To promote a wider interest in the science of geology through organised lectures, field excursions and social activities.
To provide a link between the amateur, the student, the teacher and the professional geologist.
To foster interest in geological sites within the area with a view to their study and wise conservation.
To establish and maintain good relations with organisations that have common interests.

 

 

 
 

 

Lecture - February 9th 2009

 

 

Doggerland

 by

Professor Bryony Coles

 

Exeter University

 

 

Prof. Bryony Coles has been examining the archaeology of "Doggerland", which now lies under the North Sea. Its highest point is the submerged Dogger Bank where prehistoric artefacts are occasionally found by fishermen and geologists. At the height of the last Ice Age, Doggerland was dry and stretched from the present east coast of Britain and the present coasts of The Netherlands, Denmark and North Germany. Thus, the so-called land-bridge, was a place where people settled as the ice-sheets wasted and northwestern Europe became habitable once more.
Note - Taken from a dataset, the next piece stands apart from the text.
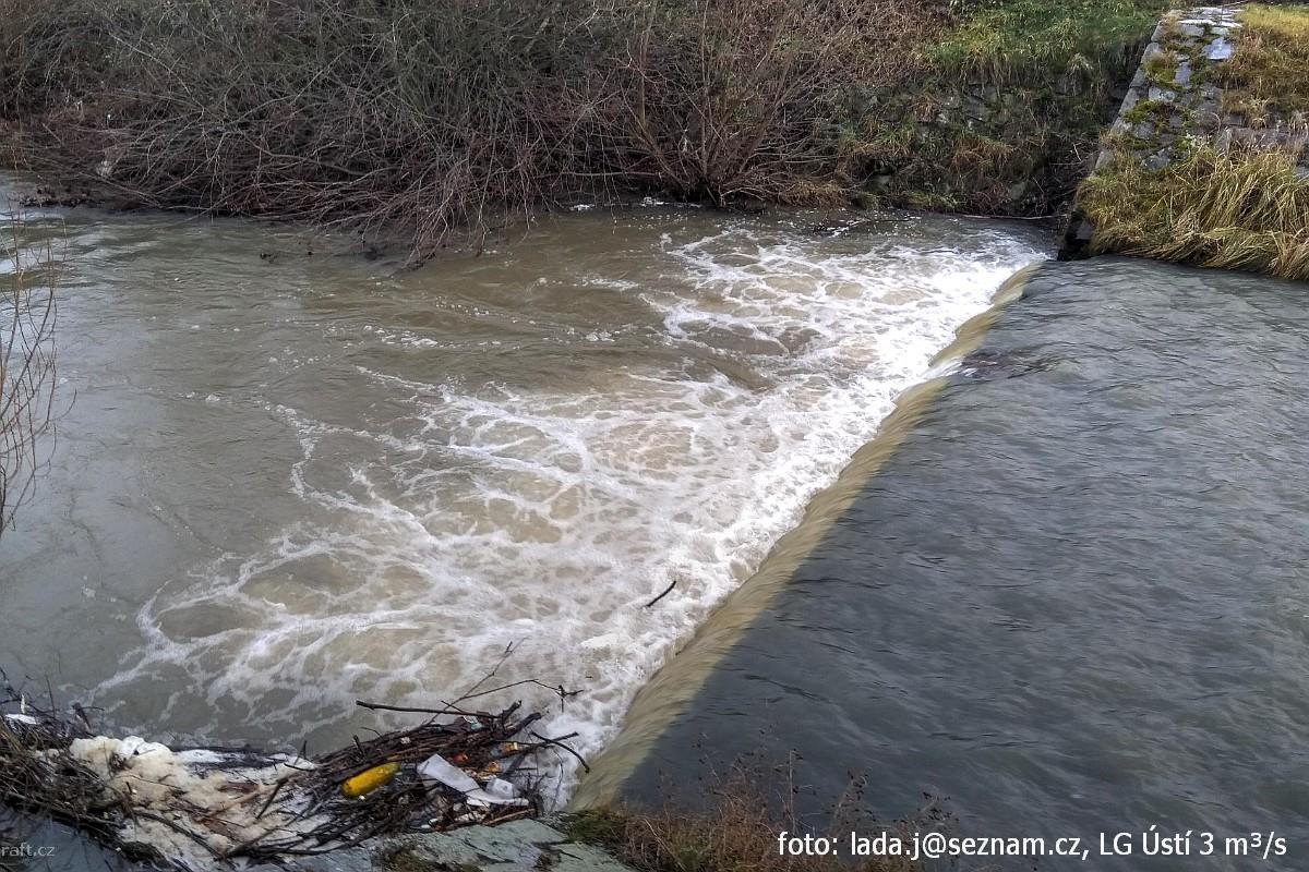 r.km 1,1 Stupeň, vodočet Ústí 106 cm a 5,8 cbm/s

But, as the ice-sheets retreated further and sea levels rose, the North Sea encroached on the land, eventually separating the British Peninsula from the mainland.

The Doggerland Project has made use of recent geological exploration of the North Sea bed, and other sources of data, to reconstruct the former landscape and explore its cultural interpretations. The presence of the former landscapes, their changing coastlines, the process of land loss and the eventual insularity of Britain affected the inhabitants of northwestern Europe from the late Palaeolithic to the Neolithic, if not later.